実際に売買契約を結んだある企業は、「代金を振り込んだにも関わらず製品が届かない。心配になって問い合わせてみたところ、はじめのうちは『輸出規制がかかっているので、まだ時間がかかりそうだ』と納期の引き伸ばしをされ、最終的には連絡が取れなくなった」という事案に巻き込まれたと聞きます。後になってマスク販売を持ちかけてきた会社の住所を調べてみると、事務所の看板すらなく、実態のない企業だったことが分かったそうです。
こうした事案の場合、もし契約を結ぶ前に反社チェックを徹底し、企業の実態を調べていたら、詐欺被害は防げたと考えられます。しかし、冷静な状態であれば、そう考えられたとしても、「このチャンスは逃したくない!」と考えた時、時間がかかる手続きや決まり事が後回しにされることもありうる話ではないでしょうか。
驚くべきことに、同様の構図で、ある国の公的機関が国際詐欺被害に遭いそうになった、ということも分かっています。
4. 反社チェックの必要性、実施しないと起こりうるリスク – 複合的な問題に発展するケース
次に、ありふれた取引であったとしても反社チェックの不徹底が国際金融犯罪にまで発展する、という事案をストーリーで解説してみましょう。製造業ではもはや海外の工場への委託は珍しいことではなくなっています。ある企業も、製造する量やスピード、コストを考慮した結果、アジア圏内のある国に製造拠点を立ち上げ、その運営をある会社に委託してビジネスを推進することにしました。委託先の会社は既存の取引先からの紹介だったため、経営陣らは「大きな問題は起こらないだろう」と、反社チェックも自分たちが調べられる範囲ですませていたとします。しかし、実はその会社の従業員の中には、外貨獲得の目的で自国民を出稼ぎに出している制裁国の出身者が多数在籍していた、としましょう。

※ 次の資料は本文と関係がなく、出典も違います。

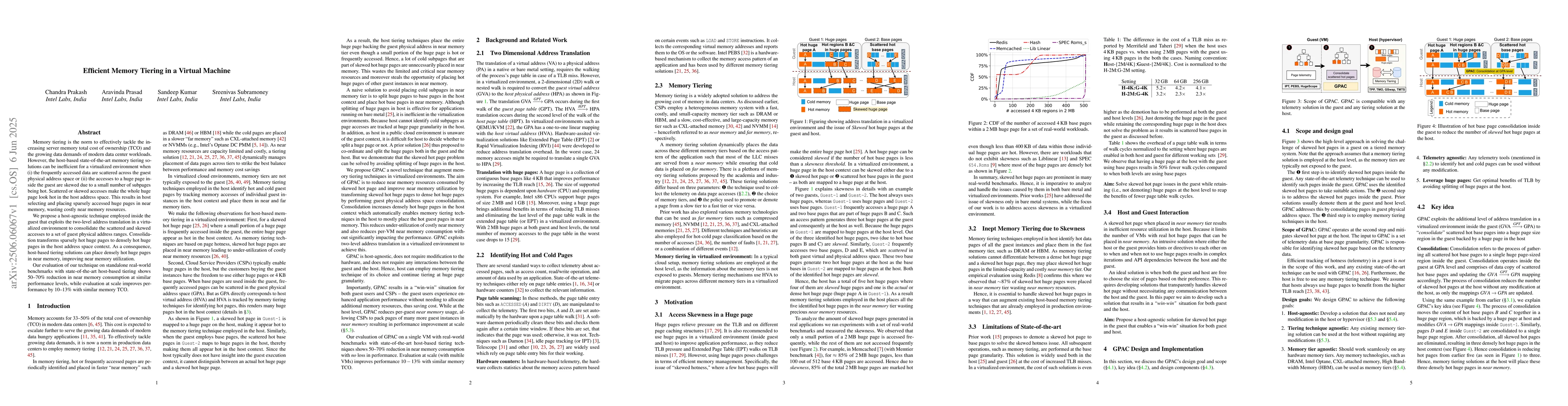 This research proposes a host-agnostic technique to improve memory tiering efficiency in virtual machines by consolidating scattered and skewed accesses into densely hot huge pages, reducing near memory consumption by 50-70%.

このような場合、制裁国の出身者が就業する工場で製造された製品は制裁対象になるおそれが生じます。そうなれば輸出ができないなどの損失が発生し、企業は、販売計画を大幅に変更せざるを得なくなったり、収益計画の変更を余儀なくされたりと、大きな問題に直面してしまうことが考えられます。

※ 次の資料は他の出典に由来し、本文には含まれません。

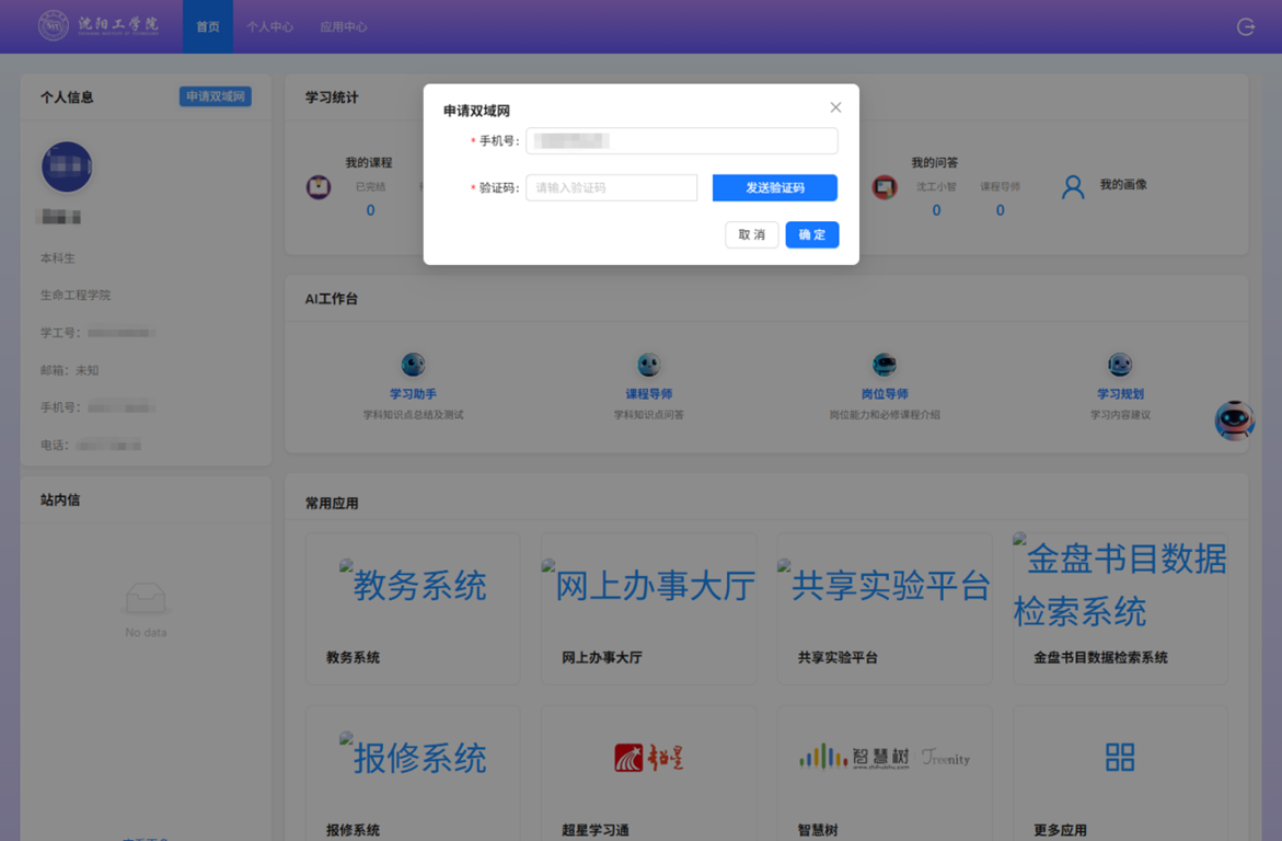 为满足在校学生便捷访问校园内网需求,我校与中国移动合作签约5G双域专网业务。可实现我校在校学生用户通过4G/5G手机终端无感知访问校园内网(智慧沈工、智慧教学、教务系统等系统),实现内外网访问无感知切换。现推出学生开通双域网服务功能。

さらに、制裁国の出身者の労働者が制裁国である本国に対し、賃金として得た金銭を“仕送り”として送金していることが分かれば、事業リスクはもちろん、制裁国への資金供与に “利用”されてしまった、ということにもなりかねません。
また、それがドルを介して行われていたとすれば、米国のForeign Corrupt Practices Act(FCPA)のような贈収賄や腐敗防止に関する法律の域外適用を受けてしまうことも考えられます。また、例えば英国のポンドならUK Bribery Act(UKBA)が、そのほかの外国通貨ならその当該国の法令によって域外適用を受けてしまうと考えられます。
一方、委託先の企業の経営陣らを詳しく調べた結果、政府高官などのPEPsとみなされる人物であったなら、贈収賄事件や制裁国への利益供与につながると判断される場合もあります。あるいは、委託先の企業の利益を最終的に受益する人物(UBO)がそのような立場の人物であった場合も、同様の嫌疑がかかると懸念されます。
このストーリーは「大袈裟だ」と感じるかもしれません。しかし、反社チェックによって取引相手の実態を詳しく知らなければ、それを徹底した場合よりも格段に高いリスクを抱え込むことになるのは間違いないでしょう。
5. まとめ
反社チェックの必要性と考えられるリスクについて、国内外の動向も踏まえて解説していきました。国内を主な市場とする日本企業の場合、海外市場や当局の動きに注意を払うよりも国内の向き合うべき課題に注力する傾向が強くなりがちではないでしょうか?
しかし、ビジネスの変化に伴い、今日では、これまでのコンプライアンス・ガバナンスの“常識”を刷新し、ESGリスクのような新しいトピックも含めて国内外の潮流に意識を向けることが強く求められるようになっています。
Refinitivはこれからも、反社チェックをはじめとする企業のリスク低減に向けた取り組みに役立つ優れたデータとソリューションを提供し、すべての企業が安心してビジネスを推進できる環境を整えられるよう、支援してまいります。